Why HR Is Often Viewed Negatively by Employees?
- Many have had a previous bad experience with someone in HR. Either they’ve encountered someone who was less than competent and caused a real problem or they encountered an unfortunate situation—either way, it may leave them untrusting of HR in the future.
- Some people may end up in a job they’re not entirely competent at, including HR professionals. When employees have the misfortune of dealing with someone in HR who shouldn’t be in that role, the mistrust can be long-lasting and affect even the best of HR professionals later.
- The HR department is often seen as overly bureaucratic and full of red tape because HR is responsible for ensuring compliance with form completion. HR often requires forms to be completed, surveys to be done, paperwork to be filled out, etc.
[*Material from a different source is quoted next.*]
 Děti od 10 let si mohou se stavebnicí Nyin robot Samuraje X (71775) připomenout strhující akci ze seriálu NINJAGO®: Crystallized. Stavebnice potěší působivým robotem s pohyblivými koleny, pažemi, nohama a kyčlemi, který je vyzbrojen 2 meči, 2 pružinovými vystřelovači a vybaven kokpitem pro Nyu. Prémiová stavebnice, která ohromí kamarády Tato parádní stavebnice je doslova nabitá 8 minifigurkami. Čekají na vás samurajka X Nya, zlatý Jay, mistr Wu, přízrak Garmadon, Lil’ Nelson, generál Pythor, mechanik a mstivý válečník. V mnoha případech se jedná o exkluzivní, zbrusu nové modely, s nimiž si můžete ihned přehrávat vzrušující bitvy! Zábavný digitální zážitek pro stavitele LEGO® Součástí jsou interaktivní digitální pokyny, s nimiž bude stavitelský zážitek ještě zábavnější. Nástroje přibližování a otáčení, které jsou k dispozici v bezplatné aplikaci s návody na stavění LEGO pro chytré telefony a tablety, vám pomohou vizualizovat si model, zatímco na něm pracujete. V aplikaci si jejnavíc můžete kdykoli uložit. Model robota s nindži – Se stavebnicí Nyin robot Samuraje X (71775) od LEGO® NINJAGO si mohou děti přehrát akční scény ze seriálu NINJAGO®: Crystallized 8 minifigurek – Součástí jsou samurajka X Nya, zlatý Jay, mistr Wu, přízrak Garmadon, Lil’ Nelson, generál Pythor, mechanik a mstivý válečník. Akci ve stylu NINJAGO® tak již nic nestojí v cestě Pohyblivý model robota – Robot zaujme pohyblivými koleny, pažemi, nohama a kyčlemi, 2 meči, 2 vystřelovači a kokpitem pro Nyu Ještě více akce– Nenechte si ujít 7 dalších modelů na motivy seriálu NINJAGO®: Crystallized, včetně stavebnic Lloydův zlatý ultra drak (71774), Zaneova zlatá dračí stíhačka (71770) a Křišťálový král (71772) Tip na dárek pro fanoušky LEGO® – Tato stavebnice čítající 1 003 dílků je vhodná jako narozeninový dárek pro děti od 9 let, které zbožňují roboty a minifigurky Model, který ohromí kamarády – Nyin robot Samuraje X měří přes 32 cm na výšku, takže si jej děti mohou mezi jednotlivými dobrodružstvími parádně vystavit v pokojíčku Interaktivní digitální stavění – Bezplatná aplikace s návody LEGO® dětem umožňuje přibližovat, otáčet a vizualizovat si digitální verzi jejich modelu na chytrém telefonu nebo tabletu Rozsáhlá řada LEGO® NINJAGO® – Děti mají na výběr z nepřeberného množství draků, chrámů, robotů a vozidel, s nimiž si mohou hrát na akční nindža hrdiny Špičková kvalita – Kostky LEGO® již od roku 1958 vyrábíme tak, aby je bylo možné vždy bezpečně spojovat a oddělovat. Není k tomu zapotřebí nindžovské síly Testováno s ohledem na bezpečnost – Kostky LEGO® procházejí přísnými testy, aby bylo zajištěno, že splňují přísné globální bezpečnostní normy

- Some HR teams can be seen as overbearing and too rigid in rule enforcement.
- Some HR teams can be seen as cold and uncaring. This reputation comes from the role of rule enforcer—often done without exceptions. This may also happen because HR professionals may be focused on efficiency and metrics, which don’t always provide the most caring of outcomes.
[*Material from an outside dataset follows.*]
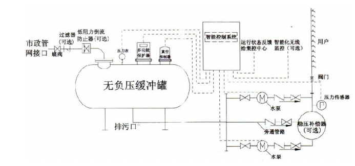 無(wú)負(fù)壓供水系統(tǒng)主要是接入自來(lái)水管網(wǎng),對(duì)需要增加水壓的時(shí)候進(jìn)行的一個(gè)工序。無(wú)負(fù)壓供水系統(tǒng)可以直接接入自來(lái)水管網(wǎng),水進(jìn)入產(chǎn)品的穩(wěn)流罐,罐內(nèi)空氣從真空消除器排出,待水充滿后,真空消除器自動(dòng)關(guān)閉。當(dāng)自來(lái)水管網(wǎng)壓力能夠滿足用水要求時(shí),系統(tǒng)由止回閥向用水管網(wǎng)直接供水。當(dāng)自來(lái)水管網(wǎng)壓力不能滿足用水要求時(shí),系統(tǒng)壓力信號(hào)由遠(yuǎn)傳壓力表反饋給變頻控制器,水泵運(yùn)行,并根據(jù)用水量的大小自動(dòng)調(diào)節(jié)轉(zhuǎn)速恒壓供水,若運(yùn)轉(zhuǎn)水泵達(dá)到工頻轉(zhuǎn)速時(shí),則啟動(dòng)另一臺(tái)水泵變頻運(yùn)轉(zhuǎn)。水泵供水時(shí),若自來(lái)水管網(wǎng)的水量大于水泵流量,系統(tǒng)保持正常供水。這就是無(wú)負(fù)壓供水系統(tǒng)原理,下面是無(wú)負(fù)壓供水系統(tǒng)原理示意圖

- Gatekeepers may come across as unfair. It often falls on HR to approve things like leaves of absence or vacation or even promotions. While these approvals require someone to be objective and consistent, it may not always come across that way.
- HR gets the reputation of doing anything to protect the employer, even to the detriment of current and/or former employees. This reputation may even make employees afraid to bring up issues because they fear it will lead to a cover-up instead of a fair resolution.
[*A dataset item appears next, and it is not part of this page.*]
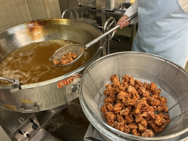 学級に配食するギリギリまで揚げていたので、1番おいしいタイミングで提供できました。

- Many people end up interacting with HR when there’s a problem, so their impression is going to be that HR deals with negative issues. HR is often involved in disciplinary situations, for example.
- HR is seen as a problem when there is a bad applicant experience. HR has gotten a bad rep for years for ghosting job applicants or not replying to candidate applications and queries.
- HR is seen as the company’s face during layoffs. Seeing HR in a meeting you’re invited to can be chilling and worrisome—not a great impression.
- The HR department is often responsible for implementing cost-cutting measures or is blamed by employees for the lack of a budget for raises and the like.
- People don’t know how much effort it takes to stay in compliance or to administer standard benefits and payroll. In other words, they take the work they should appreciate for granted.
- Employees don’t always feel they’re communicated with in a trusting way.